** Supplied data follows **

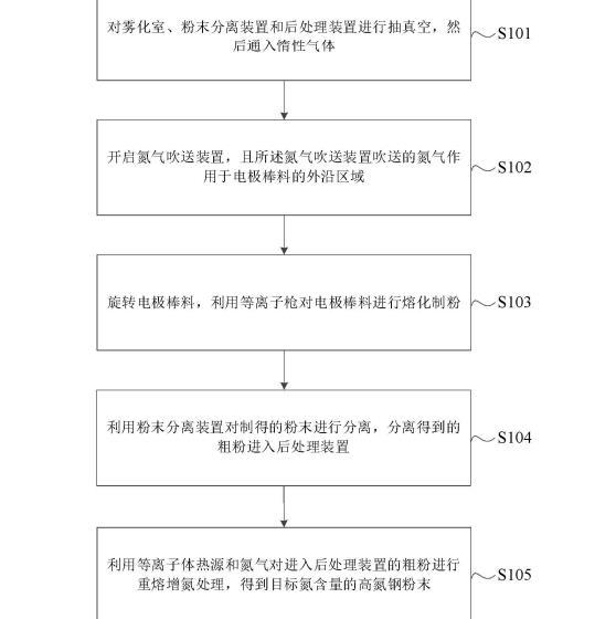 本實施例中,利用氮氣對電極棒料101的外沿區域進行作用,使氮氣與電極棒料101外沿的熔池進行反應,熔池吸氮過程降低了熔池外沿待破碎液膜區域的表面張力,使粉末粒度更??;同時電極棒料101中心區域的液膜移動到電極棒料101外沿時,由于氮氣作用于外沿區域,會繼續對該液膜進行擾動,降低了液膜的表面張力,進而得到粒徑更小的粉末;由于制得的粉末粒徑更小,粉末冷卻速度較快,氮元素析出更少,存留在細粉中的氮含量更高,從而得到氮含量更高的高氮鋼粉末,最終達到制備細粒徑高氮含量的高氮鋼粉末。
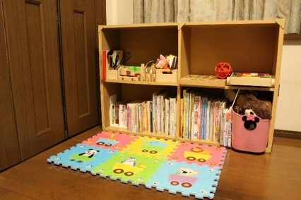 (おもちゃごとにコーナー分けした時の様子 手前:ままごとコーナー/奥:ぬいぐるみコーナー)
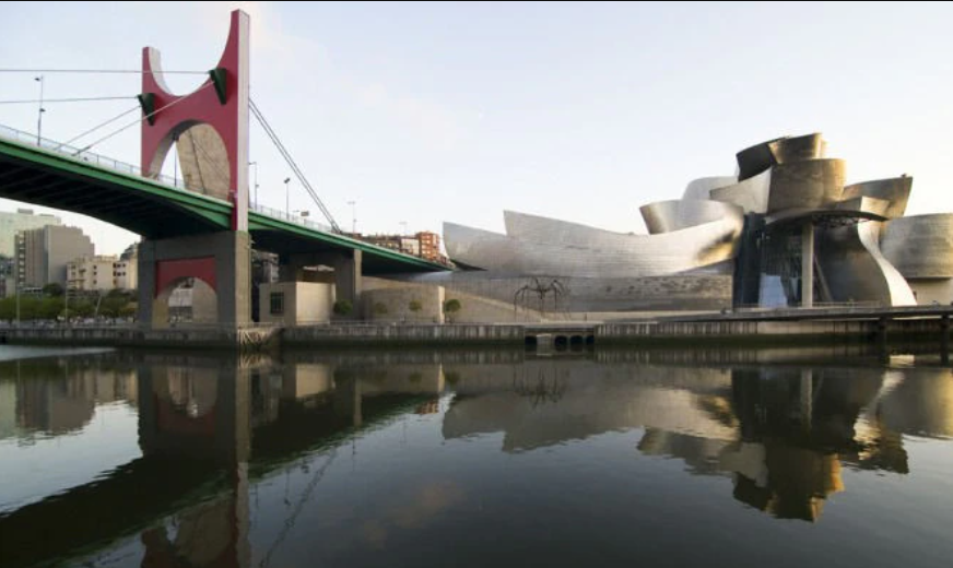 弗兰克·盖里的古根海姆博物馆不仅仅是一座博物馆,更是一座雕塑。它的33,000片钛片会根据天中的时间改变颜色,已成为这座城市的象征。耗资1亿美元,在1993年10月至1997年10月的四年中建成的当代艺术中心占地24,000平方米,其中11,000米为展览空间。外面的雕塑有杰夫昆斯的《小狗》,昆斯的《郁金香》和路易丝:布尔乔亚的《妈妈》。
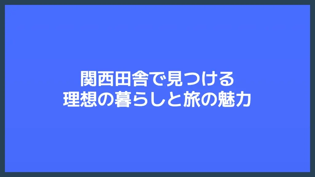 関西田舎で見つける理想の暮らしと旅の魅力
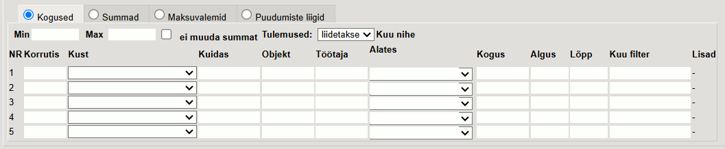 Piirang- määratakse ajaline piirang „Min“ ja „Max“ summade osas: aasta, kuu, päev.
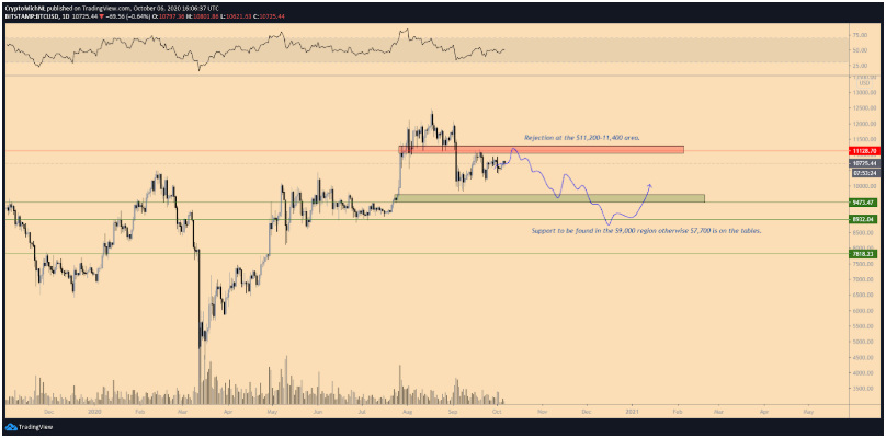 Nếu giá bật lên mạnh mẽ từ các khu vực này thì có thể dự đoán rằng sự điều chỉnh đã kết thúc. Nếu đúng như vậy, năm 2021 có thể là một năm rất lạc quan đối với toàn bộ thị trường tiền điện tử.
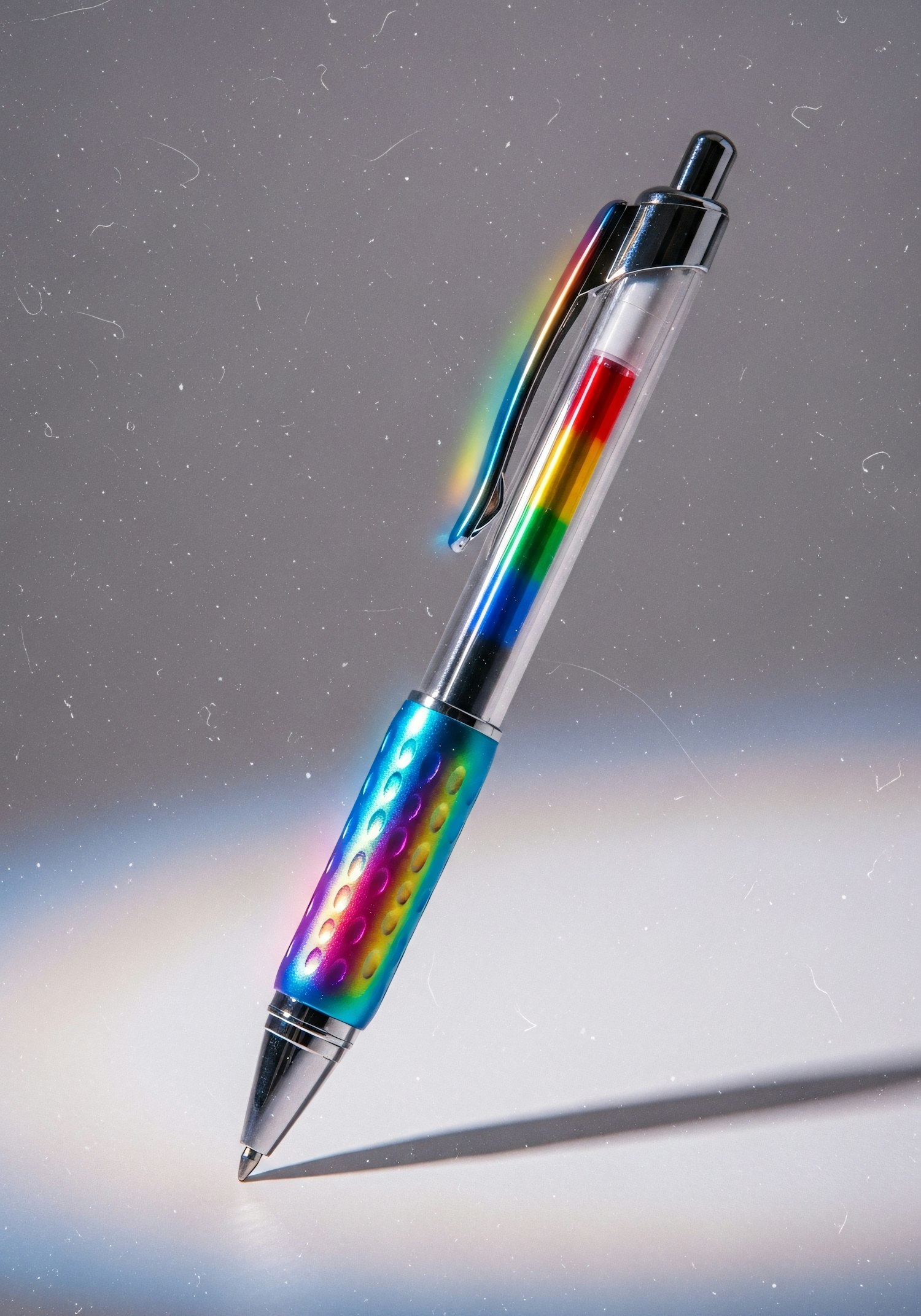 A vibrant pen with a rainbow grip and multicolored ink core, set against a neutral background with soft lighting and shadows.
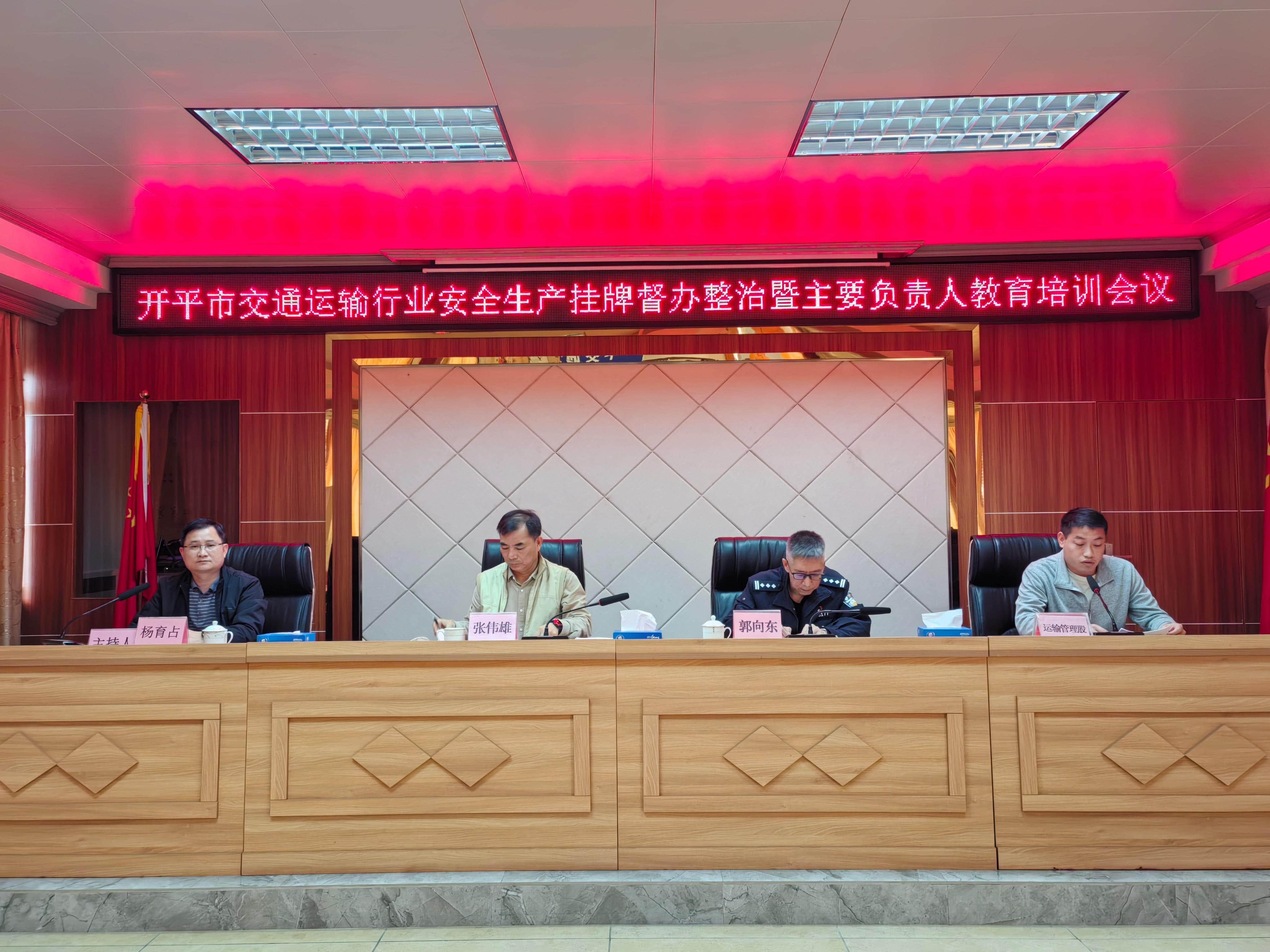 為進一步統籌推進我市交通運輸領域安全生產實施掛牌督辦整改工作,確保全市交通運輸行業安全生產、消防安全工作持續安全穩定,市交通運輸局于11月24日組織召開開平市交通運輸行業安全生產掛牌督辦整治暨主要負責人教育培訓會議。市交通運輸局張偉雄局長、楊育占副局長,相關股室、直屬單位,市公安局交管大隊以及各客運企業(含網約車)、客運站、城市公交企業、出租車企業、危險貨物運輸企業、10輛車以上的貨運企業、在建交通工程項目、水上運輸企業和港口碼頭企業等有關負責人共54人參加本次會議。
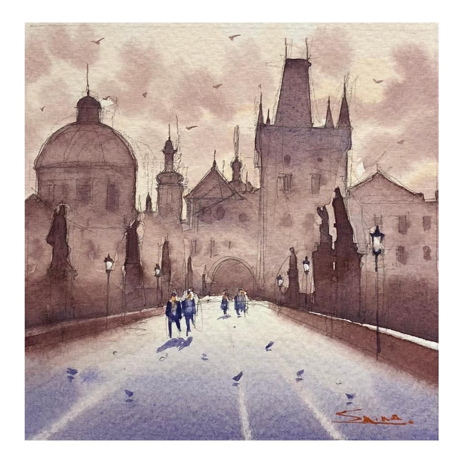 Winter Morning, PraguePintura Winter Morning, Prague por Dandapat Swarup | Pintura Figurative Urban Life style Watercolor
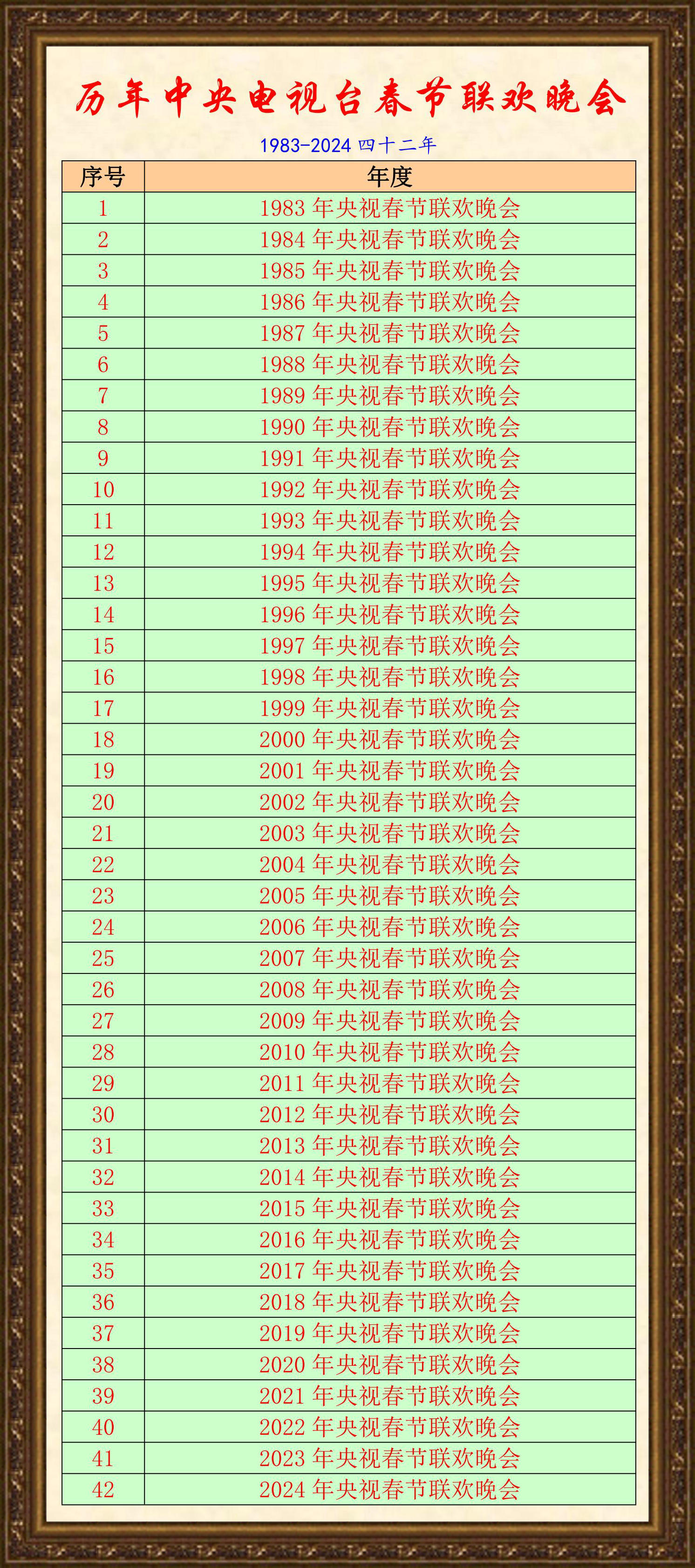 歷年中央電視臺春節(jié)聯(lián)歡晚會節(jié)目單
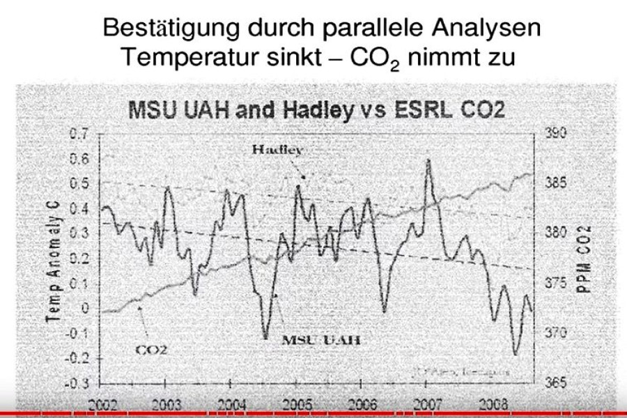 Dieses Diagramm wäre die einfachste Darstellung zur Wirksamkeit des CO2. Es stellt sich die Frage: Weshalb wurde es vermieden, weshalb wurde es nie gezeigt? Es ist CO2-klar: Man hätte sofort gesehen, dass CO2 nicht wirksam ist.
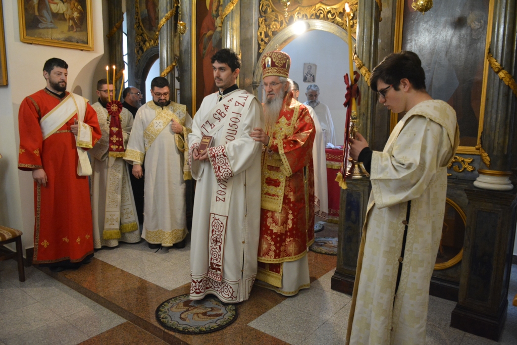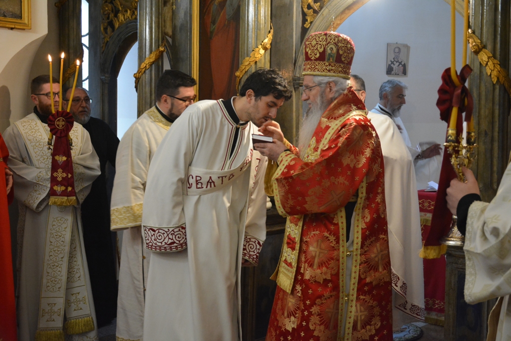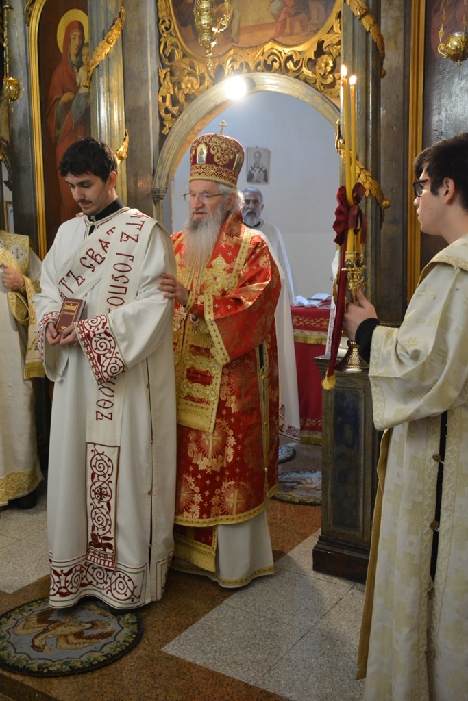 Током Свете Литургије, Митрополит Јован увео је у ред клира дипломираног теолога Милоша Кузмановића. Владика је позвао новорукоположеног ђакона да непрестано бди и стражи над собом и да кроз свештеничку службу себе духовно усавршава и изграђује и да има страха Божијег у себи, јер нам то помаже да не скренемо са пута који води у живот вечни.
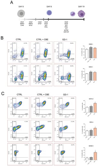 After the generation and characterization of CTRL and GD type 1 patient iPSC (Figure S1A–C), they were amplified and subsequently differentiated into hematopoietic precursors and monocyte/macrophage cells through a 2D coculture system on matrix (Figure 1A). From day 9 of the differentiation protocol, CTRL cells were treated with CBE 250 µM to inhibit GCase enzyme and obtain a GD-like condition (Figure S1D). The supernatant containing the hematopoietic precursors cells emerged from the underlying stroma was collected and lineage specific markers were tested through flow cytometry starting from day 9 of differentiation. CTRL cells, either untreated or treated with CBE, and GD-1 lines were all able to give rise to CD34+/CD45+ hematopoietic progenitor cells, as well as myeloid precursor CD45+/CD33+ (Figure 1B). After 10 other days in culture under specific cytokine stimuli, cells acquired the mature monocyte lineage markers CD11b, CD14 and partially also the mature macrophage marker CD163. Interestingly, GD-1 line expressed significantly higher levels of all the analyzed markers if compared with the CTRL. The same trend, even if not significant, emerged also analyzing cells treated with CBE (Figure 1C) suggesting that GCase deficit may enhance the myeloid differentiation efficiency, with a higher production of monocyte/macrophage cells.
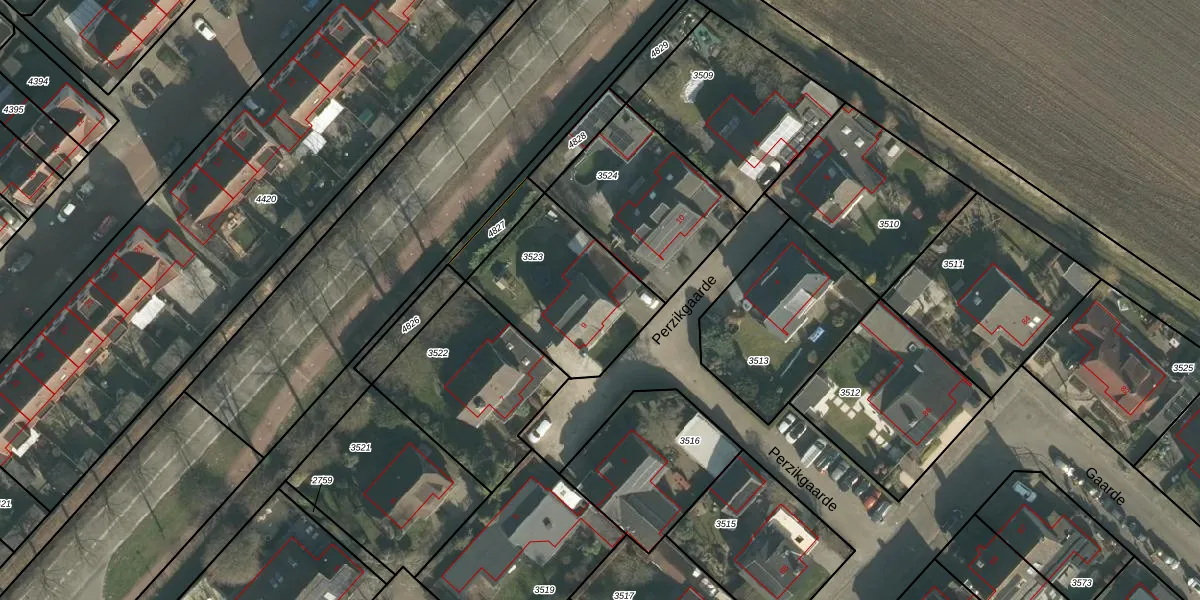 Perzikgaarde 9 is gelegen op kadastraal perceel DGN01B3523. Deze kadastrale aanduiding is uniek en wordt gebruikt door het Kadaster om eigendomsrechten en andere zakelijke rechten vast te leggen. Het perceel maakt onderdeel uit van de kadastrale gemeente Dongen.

** End of Supplied data **

Work item: Looking at the listing above, which lines run from the one containing "Winter Morning, PraguePintura" through the one containing "Током Свете Литургије, Митрополит"? Print exactly those, ends included, pictures excluded.

Finished task:
 Winter Morning, PraguePintura Winter Morning, Prague por Dandapat Swarup | Pintura Figurative Urban Life style Watercolor
 歷年中央電視臺春節(jié)聯(lián)歡晚會節(jié)目單
 Dieses Diagramm wäre die einfachste Darstellung zur Wirksamkeit des CO2. Es stellt sich die Frage: Weshalb wurde es vermieden, weshalb wurde es nie gezeigt? Es ist CO2-klar: Man hätte sofort gesehen, dass CO2 nicht wirksam ist.
 Током Свете Литургије, Митрополит Јован увео је у ред клира дипломираног теолога Милоша Кузмановића. Владика је позвао новорукоположеног ђакона да непрестано бди и стражи над собом и да кроз свештеничку службу себе духовно усавршава и изграђује и да има страха Божијег у себи, јер нам то помаже да не скренемо са пута који води у живот вечни.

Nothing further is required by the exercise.